I am trying to concat multiple columns in spark using concat function.
For example below is the table for which I have to add new concatenated column
table - **t**
+---+----+  
| id|name|
+---+----+  
|  1|   a|  
|  2|   b|
+---+----+
and below is the table which has the information about which columns are to be concatenated for given id (for id 1 column id and name needs to be concatenated and for id 2 only id)
table - **r**
+---+-------+
| id|   att |
+---+-------+
|  1|id,name|
|  2|   id  |
+---+-------+
if I join the two tables and do something like below, I am able to concat but not based on the table r (as the new column is having 1,a for first row but for second row it should be 2 only)
t.withColumn("new",concat_ws(",",t.select("att").first.mkString.split(",").map(c => col(c)): _*)).show
+---+----+-------+---+
| id|name|  att  |new|
+---+----+-------+---+
|  1|   a|id,name|1,a|
|  2|   b|  id   |2,b|
+---+----+-------+---+
I have to apply filter before the select in the above query, but I am not sure how to do that in withColumn for each row.

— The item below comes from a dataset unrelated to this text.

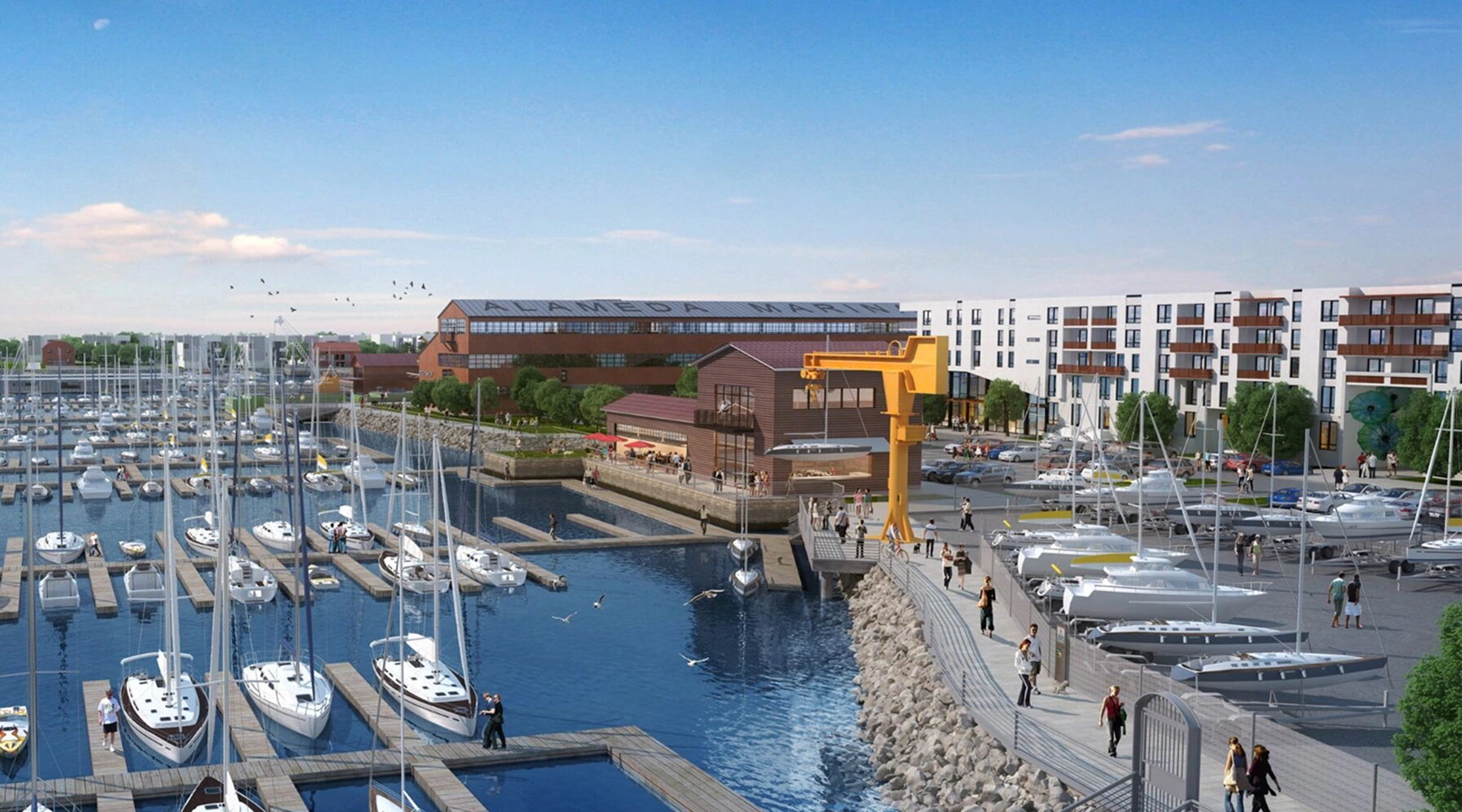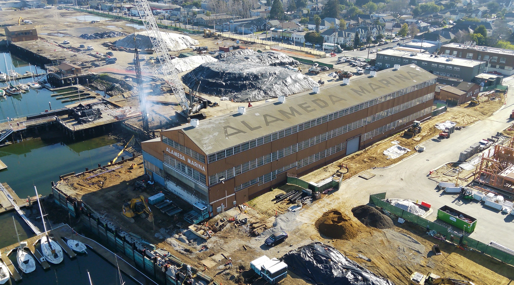 ALAMEDA MARINA is the redevelopment of 44 acres of prime waterfront located within the San Francisco Bay. The development will consist of 760 housing units, 150,000sf of commercial space, as well as a 529-slip marina. Commercial space will be located in individual buildings centered around a Maritime Core and would include the preservation and repurposing of some existing WWII buildings on-site for new and existing maritime businesses.

Something like below, if that is possible.
t.withColumn("new",concat_ws(",",t.**filter**("id="+this.id).select("att").first.mkString.split(",").map(c => col(c)): _*)).show
As it will require to filter each row based on the id.
scala> t.filter("id=1").select("att").first.mkString.split(",").map(c => col(c))
res90: Array[org.apache.spark.sql.Column] = Array(id, name)
scala> t.filter("id=2").select("att").first.mkString.split(",").map(c => col(c))
res89: Array[org.apache.spark.sql.Column] = Array(id)
Below is the final required result.
+---+----+-------+---+
| id|name|  att  |new|
+---+----+-------+---+
|  1|   a|id,name|1,a|
|  2|   b|  id   |2  |
+---+----+-------+---+